« Je vais dans mon jardin, je suis bien, je suis sereine. C’est la plénitude. »

Voilà une jardinière que je connais bien et qui m’a beaucoup appris. Cécile, figure des Hautes Huttes, cultive des jardins depuis toujours. « Déjà toutes petites filles on participait au jardin. Maman s’en occupait et papa bêchait. On achetait pas de légumes. C’était comme ça. »

À l’époque on cultivait surtout des légumes qui étaient conservés par lacto-fermentation. Cécile aimait bien les tasser avec ses pieds dans des tonneaux en bois. Au total : 1 tonne de compiche (feuilles vertes du chou), 1 tonne de choucroute et 1 tonne de rutabagas / carottes en mélange. On faisait aussi pousser beaucoup de patates et une sorte de blé noir semé en automne, le Tremsau.
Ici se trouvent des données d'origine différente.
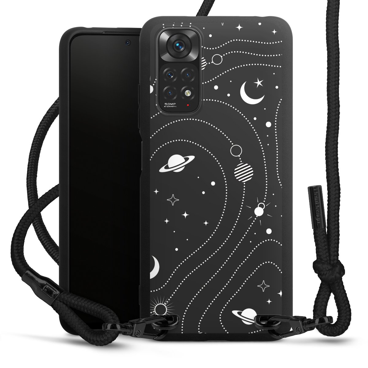The matt black silicone case is made of flexible TPU (thermoplastic polyurethane) and offers robust protection. The durable, unbreakable material makes the cover flexible and dimensionally stable at the same time. The matte surface makes your design stand out more and is less susceptible to fingerprints and dirt. The stylish trend accessory fits comfortably in the hand and is perfectly complemented by the fabric (polyester) mobile phone strap. The braided fabric strap is approx. 1.70 metres long with a diameter of approx. 0.5 cm. Due to the special knotting technique, the length of the strap can be adjusted by simply pulling it, so that you can adapt it individually to your wishes. The practical case to wear around your neck is available with the fabric strap in black. As a little icing on the cake, we have provided the strap with a chic metal fastener in matt black. The strap is securely fastened to the case with loops made of high-quality genuine leather and press studs. The ends of the fabric strap are covered with metallic end caps and thus protected from fraying.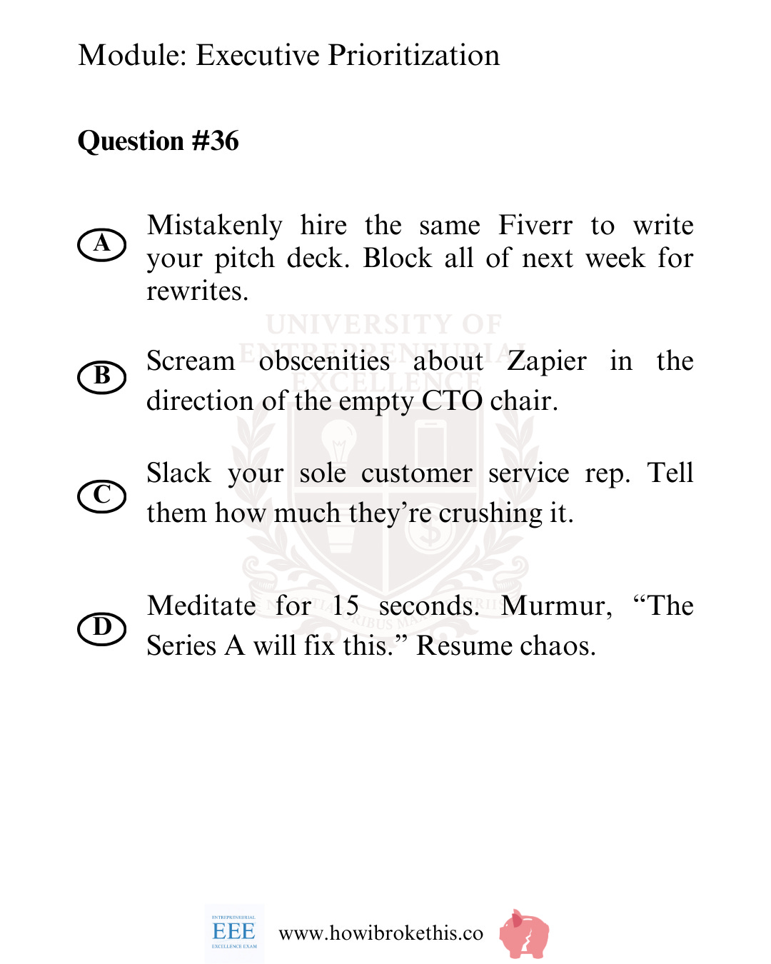 Test your knowledge with our Entrepreneurial Excellence Exam Question #36

Tout au long de sa vie, Cécile a gardé un lien avec la terre. Son mari Jean est forestier, comme son beau-père qui possédait déjà un grand jardin cultivé et des animaux. « Mon mari avait la passion du jardinage plus que moi et les maisons forestières étaient à l’époque des fermettes. » À Courtavon, on a ramené de la terre pour créer un jardin ». Un jour, quelqu’un lui lance : « On a jamais vu une femme de forestier pousser une brouette ! »

C’est en 1967 qu’elle revient dans la ferme familiale des Hautes Huttes à Orbey. « On a continué le jardin et on a fait un champ de patates. On a eu jusqu’à 150 poules, des vaches et beaucoup de lapins. Jean avait des abeilles. Il disait que c’était le miel qui l’avait sauvé lorsqu’il était prisonnier en Russie ».

Aujourd’hui Cécile jardine pour le plaisir et pour « manger sainement ». « Je n’utilise aucun pesticide ni engrais car on peut avoir de beaux légumes sans tout ça ». Engrais verts (phacélie, moutarde), purin de consoude et vieux fumier de vache lui assurent de belles récoltes : carottes, navets, choux, poireaux, oignons, échalotes, choux-raves, céleris, bettes, courgettes, potimarrons et « toutes sortes de salades ». Elle pratique la rotation des cultures tous les deux ans. Pas besoin de plan car elle fait une photo du jardin dans sa tête ! Quant aux tomates, elles poussent à l’abri dans une serre fabriquée avec d’anciennes fenêtres. Très pratique lorsqu’il faut ouvrir la serre…

Et que dire des fleurs ? Une passion qu’avait déjà sa maman. « Je n’achète pas de fleurs et je fais toutes mes boutures ». Les dahlias et fuchsias sont rentrés en hiver. Les insectes butineurs se régalent de toutes les fleurs semées ou qui se resèment seules comme le généreux et coloré muflier.

Cette jardinière d’une vitalité exceptionnelle avoue qu’elle ne pourrait jamais se passer de ses jardins. « J’y suis tous les jours ». Et même pour cueillir la mâche, elle n’hésite pas à pelleter la neige !

Merci Cécile pour ta belle énergie et tout ce que tu nous transmets !

Souvenirs d’autrefois :

« On allait faner au Lac Blanc. Maman ramenait une salade de chou, de la tisane et des crêpes de cerises. Les crêpes de cerises, j’pouvais plus les piffer ! »

« On ne mangeait pas tant de viande que ça si ce n’est un pot-au-feu le dimanche. Maman passait la viande dans l’eau vinaigrée avant de la cuisiner. »

« Les gens refaisaient leurs semences de patates et semaient à la houe. Il en fallait beaucoup pour les cochons ».

« Le cheval c’était notre tracteur. On lui faisait manger un mélange de paille hachée, de son, de petit lait et d’eau chaude ».

« Papa avait fait un gros trou dans le jardin qui était rempli de paille. C’est ainsi qu’on conservait les légumes ».